It’s good. I’m done with the impression that YA is simply dumbed-down literature, and so is The New York Times and just about every respectable critic. Yes, there is crappy YA, like there is crappy everything. But there is also really fantastically, achingly good YA. So good that it wins National Book Awards and Edgar Allen Poe Awards and Los Angeles Times Book Prizes and Lambda Literary Awards and lots of other awards that “adult” books earn too. That’s more than you can say for your oh-so-adult J.D. Robb paperback.

Variety is the spice of life. There’s no rule that says we’re allowed only one genre. I’m in an MFA program that has me reading the most literary of literary literature. Some nights, it’s frankly nice to put down An Episode in the Life of a Landscape Painter and pick up Eleanor & Park. It keeps my perspective fresh and my mind from melting.

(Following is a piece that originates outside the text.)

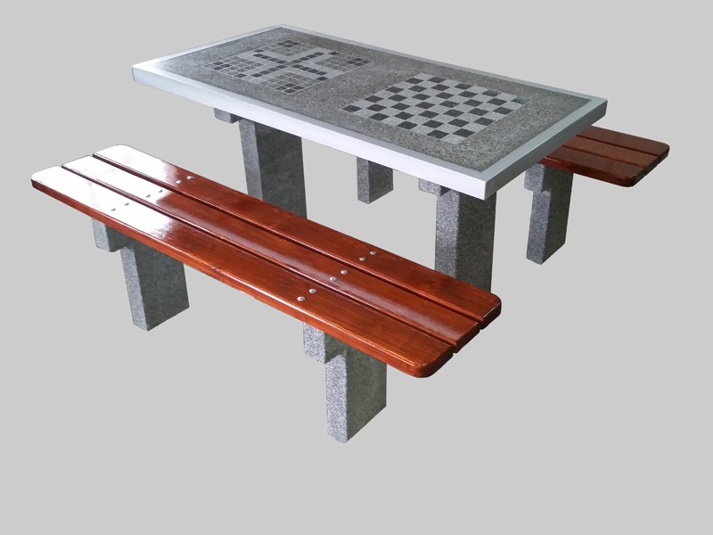 Betoninis-medinis stalas žaidimams šachmatais šaškėmis. Pagrindas pagamintas iš natūralių užpildų. Betoninis stalviršis su dviem žaidimų lentomis yra šlifuotas, poliruotas ir apsaugotas impregnantais. Kraštai apvesti aliuminio profiliu. Suoliukai pagaminti iš spygliuočių medienos, impregnuoti dviem sluoksniais lazūrinio lako ir dviem sluoksniais lako.

You too can be cool. YA literature is where it’s at, and if you read it, you know no one says that anymore. Keep up with the younger generation through books so you don’t have your younger sister/cousin/niece/daughter stare holes through your head when you ask her “‘sup?”

Everyone else is. If teens know anything, it’s peer pressure. You don’t want to be the only at your book club who doesn’t know why Peeta is so much better for Katniss than Gale.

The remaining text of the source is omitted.